Bug #63118
openceph orch upgrade from 17.2.5 to 18.2.0 on mixed arch (amd64, aarch64) will always try to pull aarch64 images
0%
Description
Hi there,
While trying to upgrade my cluster, I ran `ceph orch upgrade start quay.io/ceph/ceph:v18.2.0` and it seems that as the mgr are runnin on aarch64 nodes, they will always try to use the image for that architecture, even on amd64 nodes.

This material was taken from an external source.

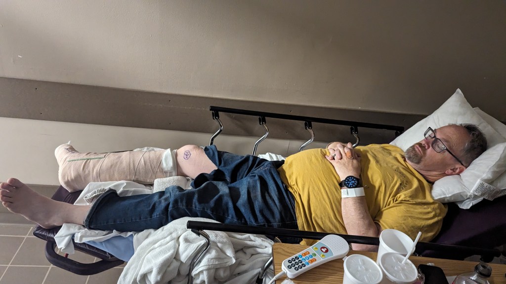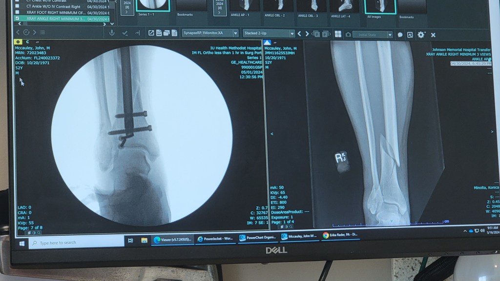 Then came the motorcycle accident. On April 30th, I was going to watch one of Meagan’s last track meets. The weather was really nice and I’d decided to leave a little early and take the motorcycle on some back roads that I’d recently discovered on the way up to Plainfield. I wasn’t 5 minutes from the house, headed south off of IN-44 on Peavine Road, when I went a little too sharply into a curve to the right. The shadows being cast onto the road at that time of day hid some gravel on the road. My back tire hit the gravel, the bike went out from under me, and the bike slammed down onto my right leg. My tibia sustained a spiral fracture, and my fibula was fractured along with some bones in my ankle. Off to the ER at Johnson County Memorial in Franklin and then eventually to IU Health / Methodist Hospital in downtown Indianapolis for surgery. The recovery time includes 4-6 weeks off of the leg and about a 6-12 month full recovery time. The recovery is about 4 weeks in at this point and so far going well, but you can imagine how this effects the renovation progress.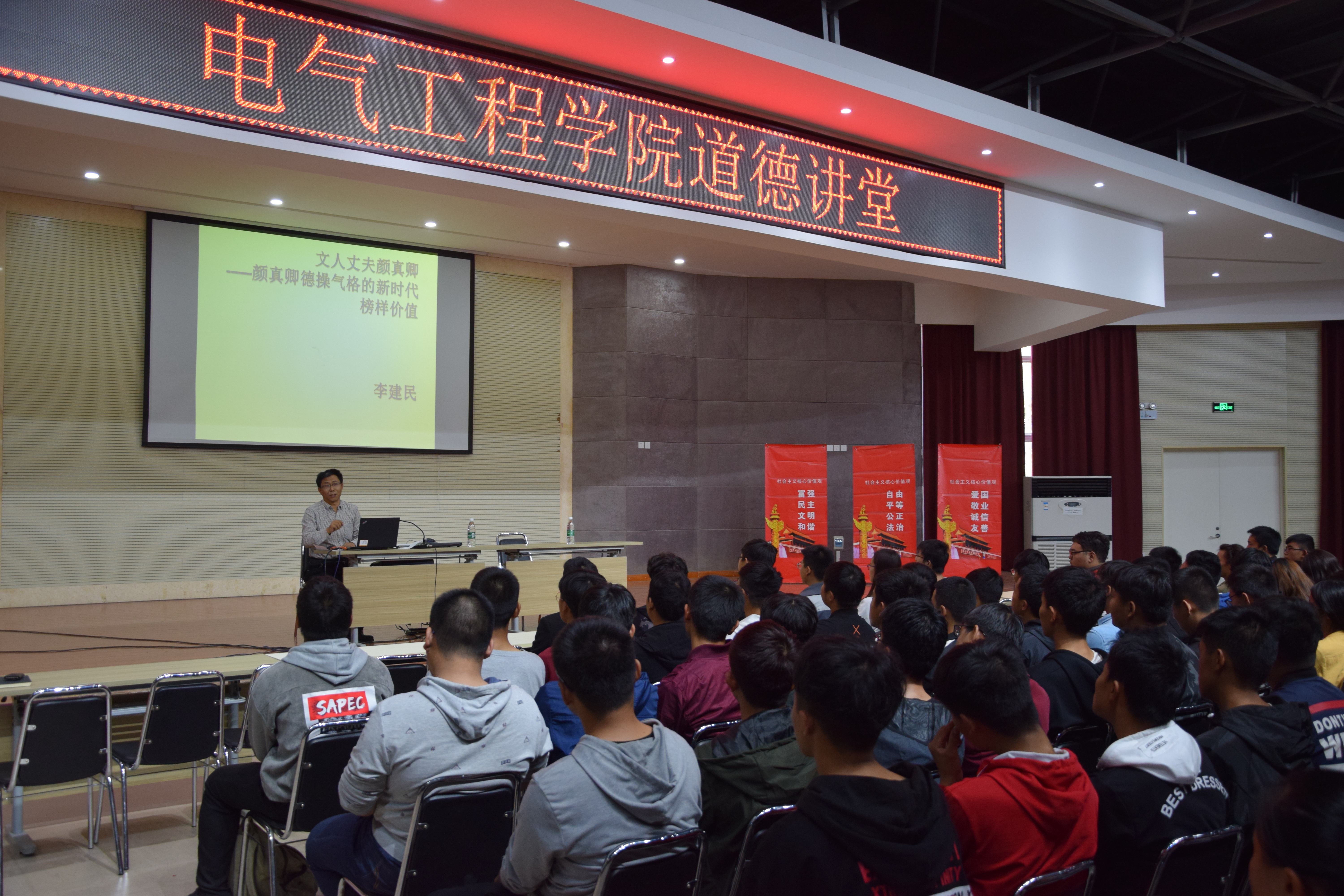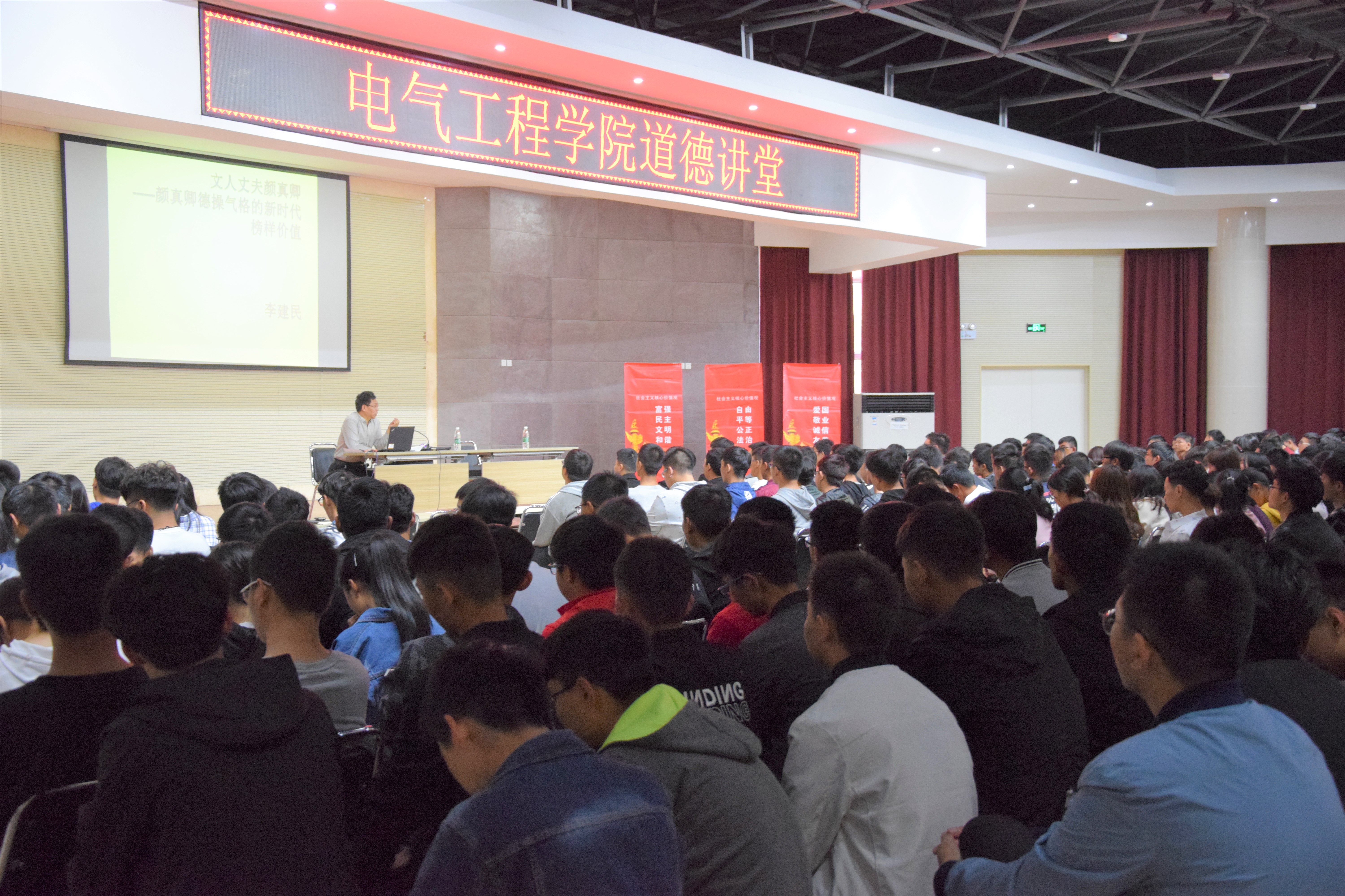为提升同学们的思想道德修养,电气工程学院于10月18日在七号楼积极组织参加道德讲堂讲座,讲座邀请机车车辆学院李建民老师主讲,由团委书记高文天主持。

Eventually status shows as this
```
{
"target_image": "quay.io/ceph/ceph@sha256:51b725a680b725f153741fcc28639b48b020e54131a88b35b35d5f730157b7ba",
"in_progress": true,
"which": "Upgrading all daemon types on all hosts",
"services_complete": [
"rbd-mirror",
"mgr"
],
"progress": "6/36 daemons upgraded",
"message": "Error: UPGRADE_FAILED_PULL: Upgrade: failed to pull target image",
"is_paused": true
}
```
And on the logs I see a few of these lines before it makes the upgrade fail.
```
stat: stderr ERROR (catatonit:2): failed to exec pid1: Exec format error
ERROR: Failed to extract uid/gid for path /var/lib/ceph: Failed command: /usr/bin/podman run --rm --ipc=host --stop-signal=SIGTERM --net=host --entrypoint stat --init -e CONTAINER_IMAGE=quay.io/ceph/ceph@sha256:51b725a680b725f153741fcc28639b48b020e54131a88b35b35d5f730157b7ba -e NODE_NAME=proliant-1 -e CEPH_USE_RANDOM_NONCE=1 quay.io/ceph/ceph@sha256:51b725a680b725f153741fcc28639b48b020e54131a88b35b35d5f730157b7ba -c %u %g /var/lib/ceph: ERROR (catatonit:2): failed to exec pid1: Exec format error
```
I also tried to do `ceph orch redeploy DAEMON --image ...` but it still keeps trying to use the wrong architecture.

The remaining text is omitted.